# Entries provided
+++

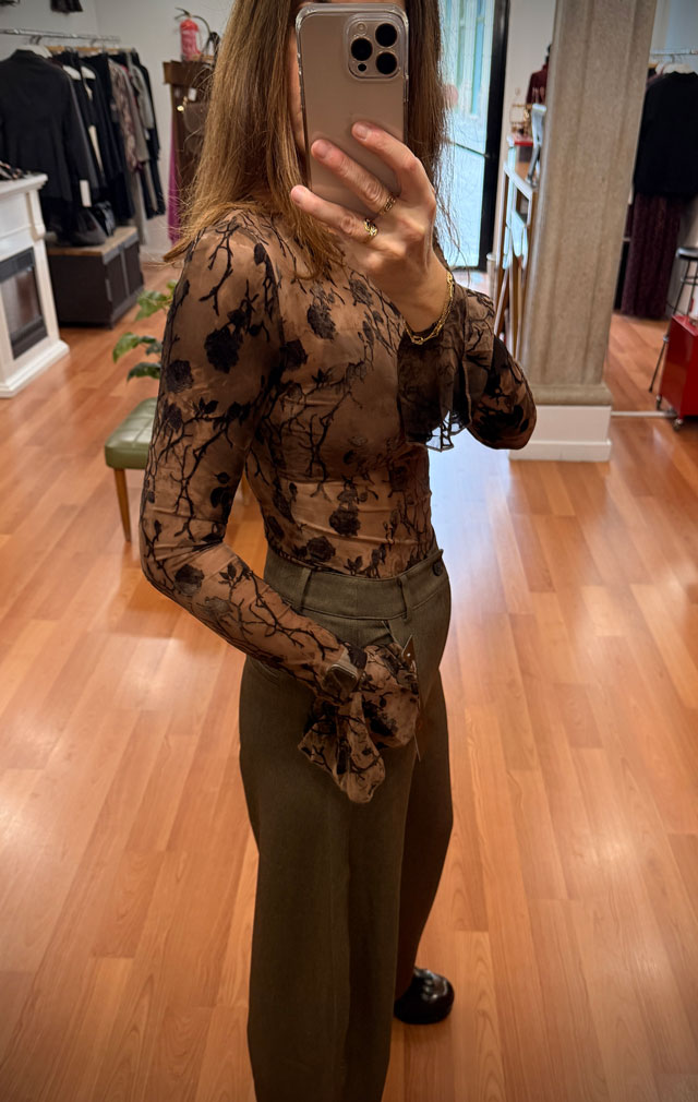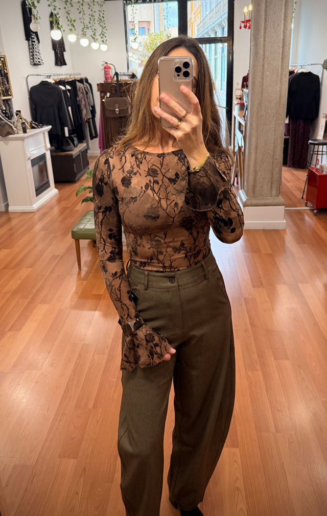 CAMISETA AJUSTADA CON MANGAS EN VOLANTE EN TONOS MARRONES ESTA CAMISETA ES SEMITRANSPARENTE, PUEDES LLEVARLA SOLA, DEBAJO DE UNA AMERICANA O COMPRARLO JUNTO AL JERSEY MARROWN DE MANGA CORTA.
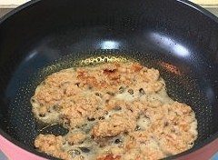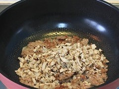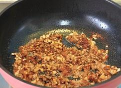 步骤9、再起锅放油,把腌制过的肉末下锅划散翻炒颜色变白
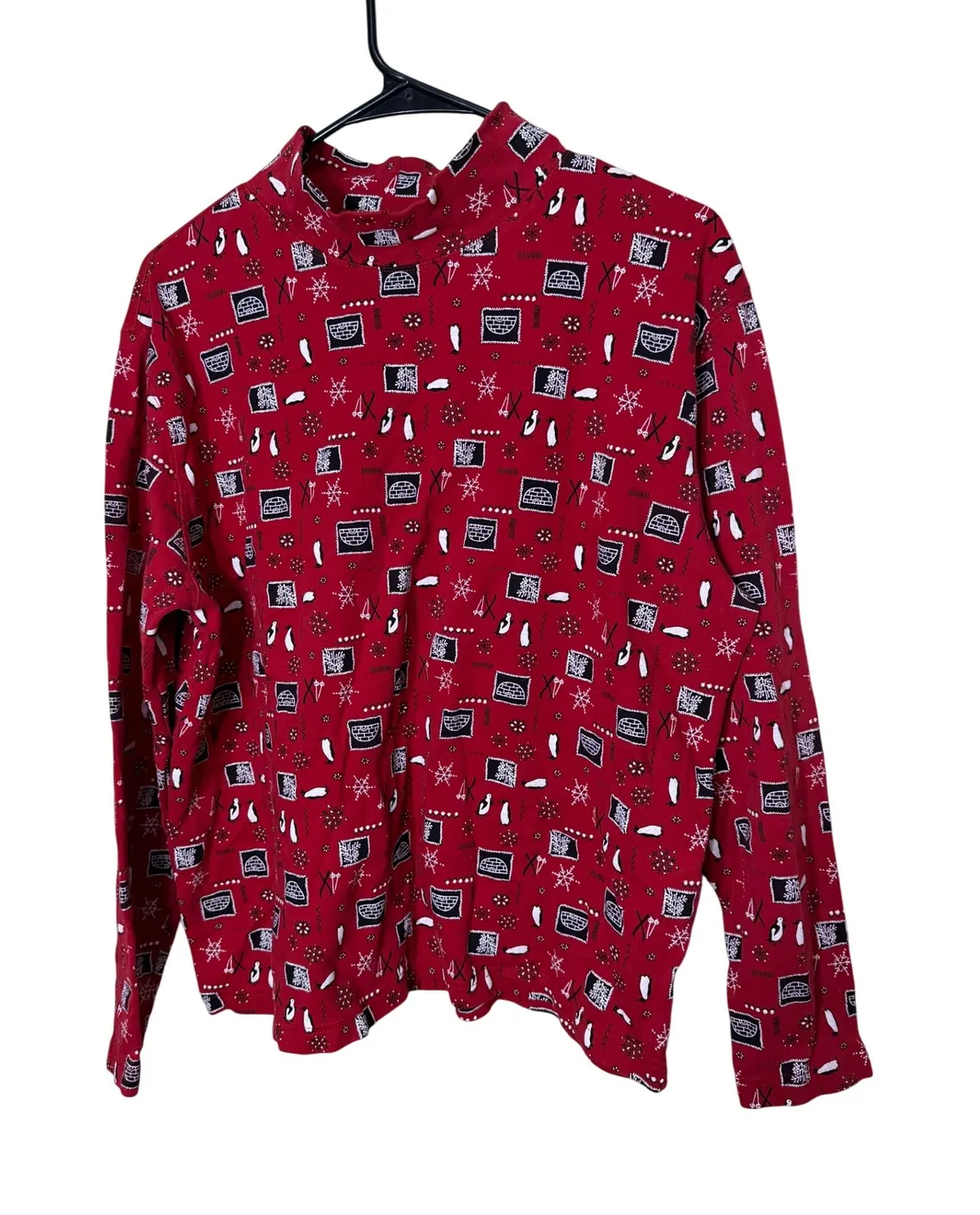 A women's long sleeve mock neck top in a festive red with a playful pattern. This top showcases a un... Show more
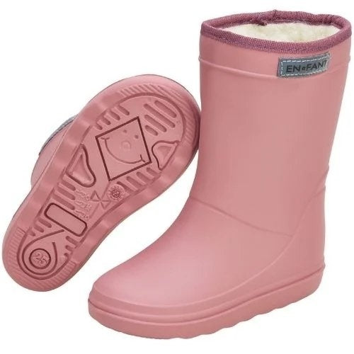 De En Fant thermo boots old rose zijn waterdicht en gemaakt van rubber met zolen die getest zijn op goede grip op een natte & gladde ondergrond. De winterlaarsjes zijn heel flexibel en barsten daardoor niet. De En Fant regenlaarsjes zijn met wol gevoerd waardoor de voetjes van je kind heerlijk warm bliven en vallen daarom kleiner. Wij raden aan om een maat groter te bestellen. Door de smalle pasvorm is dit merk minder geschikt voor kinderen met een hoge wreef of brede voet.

+++

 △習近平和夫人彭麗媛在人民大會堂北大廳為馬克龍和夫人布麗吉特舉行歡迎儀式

+++

Beginning with the line that contains "CAMISETA AJUSTADA CON" and ending with the line that contains "步骤9、再起锅放油,把腌制过的肉末下锅划散翻炒颜色变白", reproduce the listing exactly, pictures excluded.

# Response to this exercise
 CAMISETA AJUSTADA CON MANGAS EN VOLANTE EN TONOS MARRONES ESTA CAMISETA ES SEMITRANSPARENTE, PUEDES LLEVARLA SOLA, DEBAJO DE UNA AMERICANA O COMPRARLO JUNTO AL JERSEY MARROWN DE MANGA CORTA.
 步骤9、再起锅放油,把腌制过的肉末下锅划散翻炒颜色变白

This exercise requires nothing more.